No, It Isn’t a Good Idea

No, It Isn’t a Good Idea October 27, 2009

There is an idea that keeps persistently arising that seems to be gaining popularity.  It is a variation of two propositions.

a)  The Church should provide health care to all her members from gifts from the faithful.

b)  The Church or a para-church organization should organize a cooperative insurance company to provide medical insurance and/or services.

(a) has no basis in reality.  I’m not being snarky.  I’m being direct.  Relief funds to provide health care and old age assistance for retired priests and nuns are nearly insolvent.
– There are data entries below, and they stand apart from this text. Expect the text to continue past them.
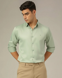 Elevate your wardrobe with this regular fit formal shirt crafted from smooth satin fabric. Designed with full sleeves, a spread collar, no pocket, and a placement brand logo for a clean, sleek look.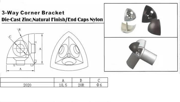 * 2020R sērijas alumīnija T-veida rāmju profilu savienošanai noteiktos leņķos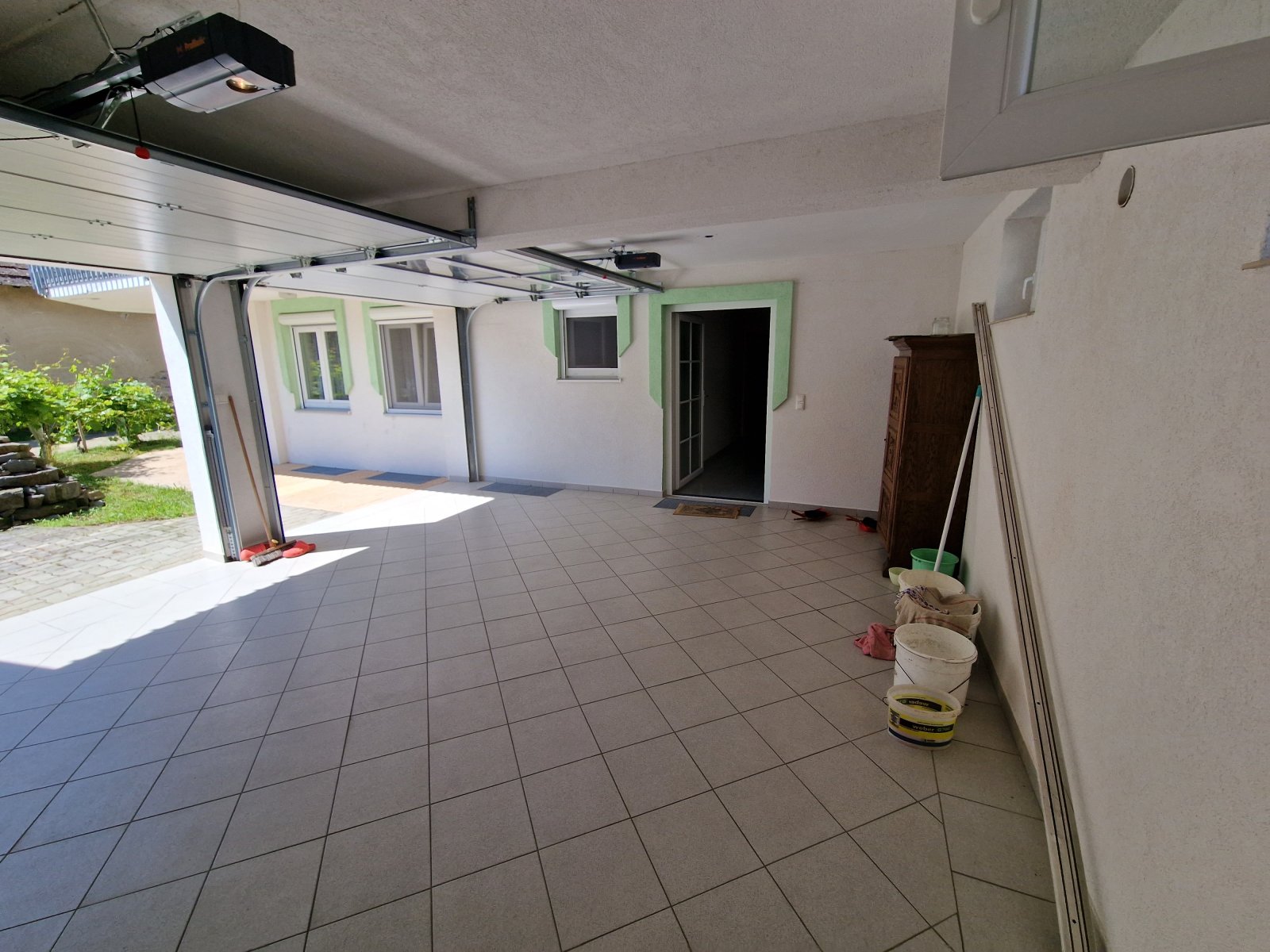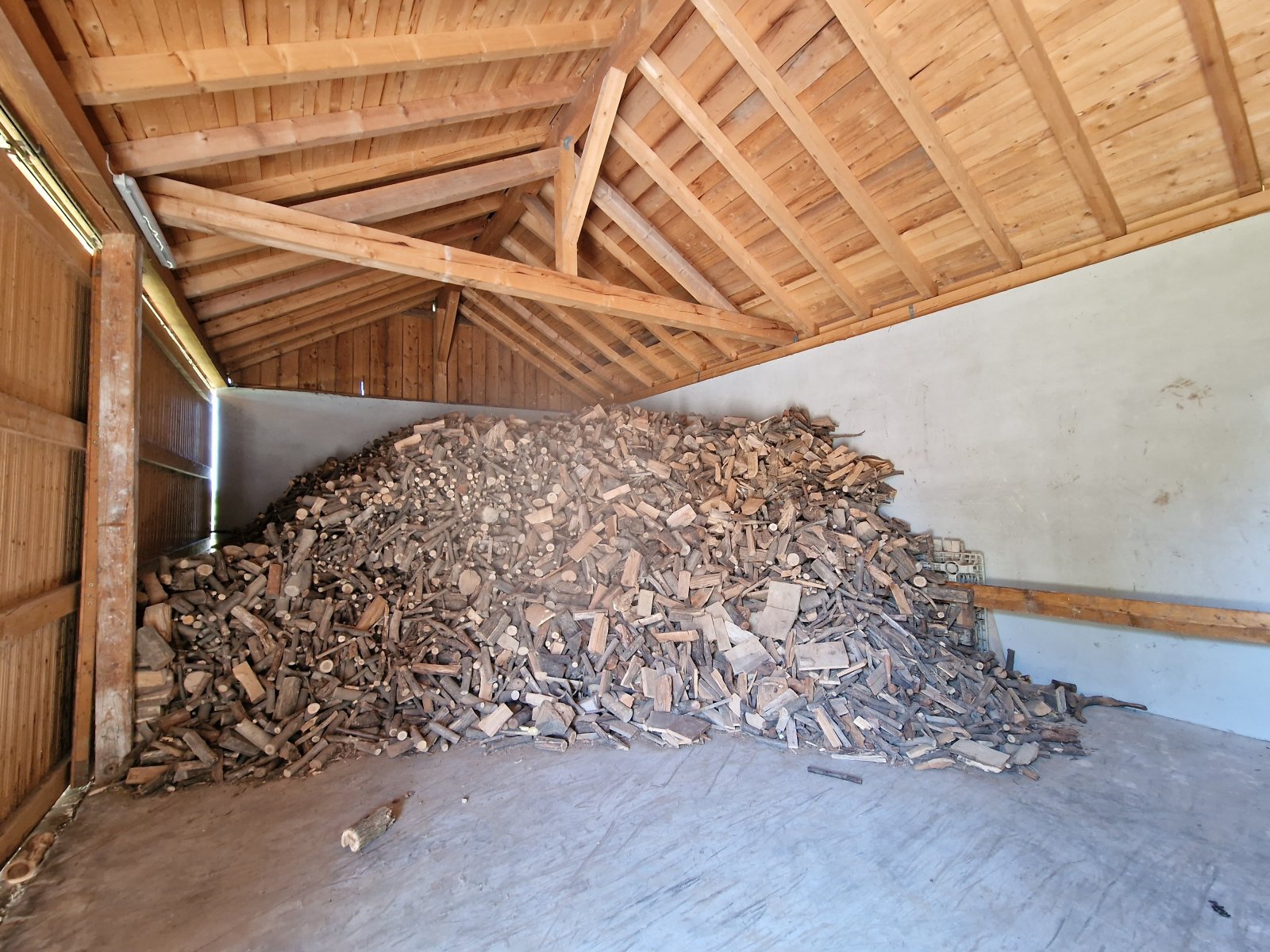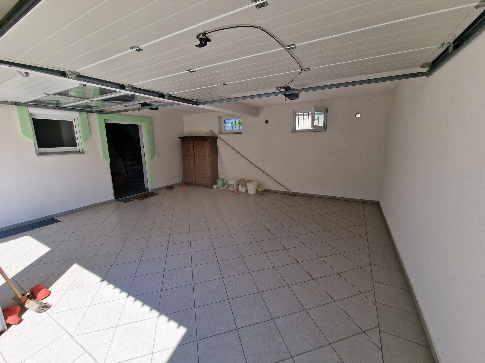 A wooden staircase leads to 2 further rooms and a toilet in the attic. The entire house has a basement of approx. 111m². In the basement there are several rooms, a boiler house and a wood store with wood disposal from the yard. A brick outbuilding with a concrete floor and approx. 65m² adjacent to the granny flat is currently used as a wood storage area. The property includes a double garage and another garage with storage room and entrance to the house.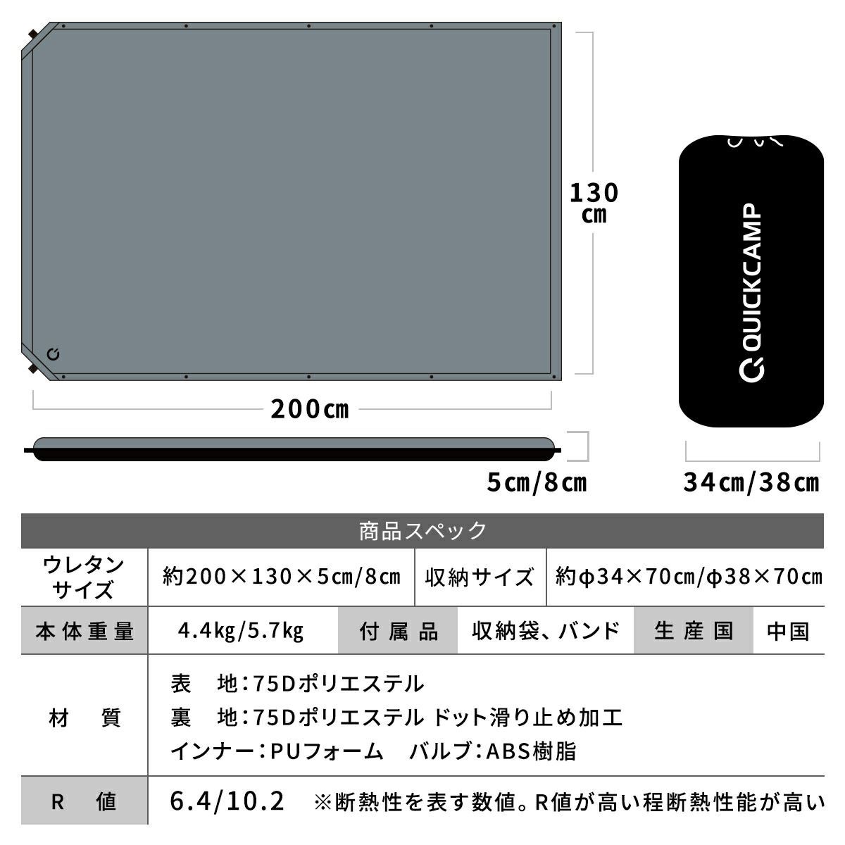 他の画像を見る 即納 再入荷 クイックキャンプ(QUICKCAMP) 車中泊マット 8cm シングル アウトドア ベッド グレー QC-CM8.0 GY 販売価格 ¥ 6,480 税込 %OFF 車中泊やオートキャンプに最適な極厚8cmキャンピングマットが新登場! 詳細を見る お気に入り登録
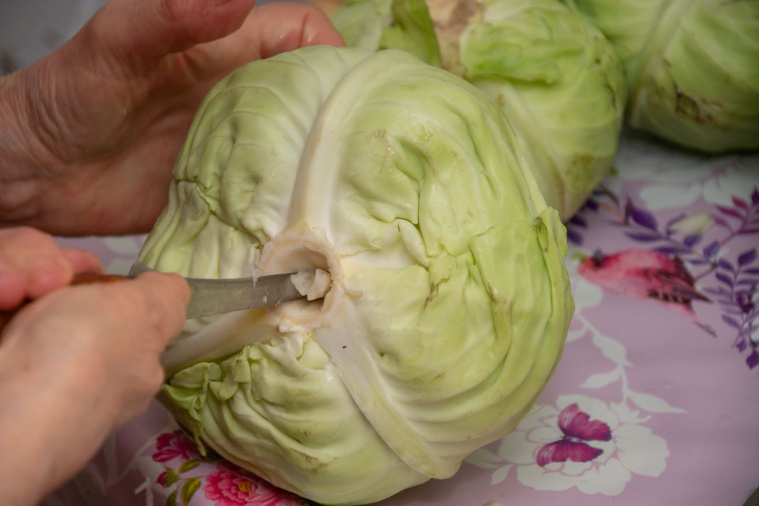 Zacznij od przygotowania młodej kapusty. Zdejmij z niej wszystkie uszkodzone wierzchnie liście. Wytnij głąb, ale bez rozkrajania kapusty, zupełnie jak na gołąbki z młodej kapusty.

Let me repeat that so that it sticks.  Relief funds to provide health care and old age assistance for retired priests and nuns are nearly insolvent.  We both know that the population of aged religious is significantly smaller than the population of Catholics in the United States.  It is smaller than by more than a few orders of magnitude.

But this isn’t the only problem.  In the Archdiocese of Milwaukee there are 650,000 Catholics.  A very rough estimate of the cost of providing health care for this population would be $3,250,000,000.    The bishops appeal last year was for just short of $8 million.   Is there any evidence anywhere that Catholics would be prepared to offer the support necessary for such a system even if they desired such a system?  It isn’t like the Church has the power to tax people.

(b) sounds like such a wonderful idea.  (b) has been tried though.  (b) was part of the reforms under Clinton, if I recall correctly, that allowed associations to market to their members health plans.  If I remember, a few of these organizational plans were even operated by Catholic organizations, although that point is one I’m not all that firm on.  This was originally marketed as a way to allow small business to get the advantages of a larger risk pool.  The only problem is that many of these plans are bankrupt, and nearly all the rest of these plans are no longer competitively bid.

The reason why isn’t all that complex once it is explained.  Picture a teeter totter.  As you go higher, the cost gets higher.  As you go lower the cost gets lower.  You as an individual or small business stand on the fulcrum.  You are a member of 2 risk pools – possibly more, but rarely: You as a sole entity and the association.  You price insurance for yourself and the association.  If the cost is less for yourself, you walk over to the left side of the teeter totter, causing the right side to go up.  When things are re-evaluated in another year, some on the right side of the teeter totter go over the left side because their premiums are now lower when their risks are evaluated in their own right.  This causes the right side of the teeter totter to go up again.  Eventually the right side of the teeter totter becomes a high risk pool that no one wants to touch with a 10-foot pole.

If people perceive that my patience with this topic has been exhausted, it is because they are right.  Our country is being bankrupted by high medical costs because people are holding on to myths and other forms of ignorance.  The problem is the things we think are true, but ain’t, as someone famously said.  The greatest frustration for me in this health care debate is the number of people that think they are entitled to their own facts and think their opinions are valuable because they thought them.  We have the evidence of dozens of socialized systems throughout the world.  We know they provide the best possible way to constrain cost.  After the Terry Schiavo fiasco, we should know that the threat of euthanasia is independent of who’s paying for the treatment.  The evidence so far at least is that governments and ethical codes are one of the things limiting euthanasia as families look for ways to address relatives that have succumbed to debilitation.  We know that the public funding of abortion has very little to do with the rate, considering that we have a higher rate of abortion than many countries that do fund it.  Additionally, there are large social networks in our society prepared to fund any abortion desired.  Certainly there is nothing wrong with trying to advance the abortion debate in this country through the health care bill, and it is entirely noble to fight attempts to increase the franchise.  It must however be kept in perspective and to understand the present bill as marking a significant advance or decline in abortion is to simply be wrong.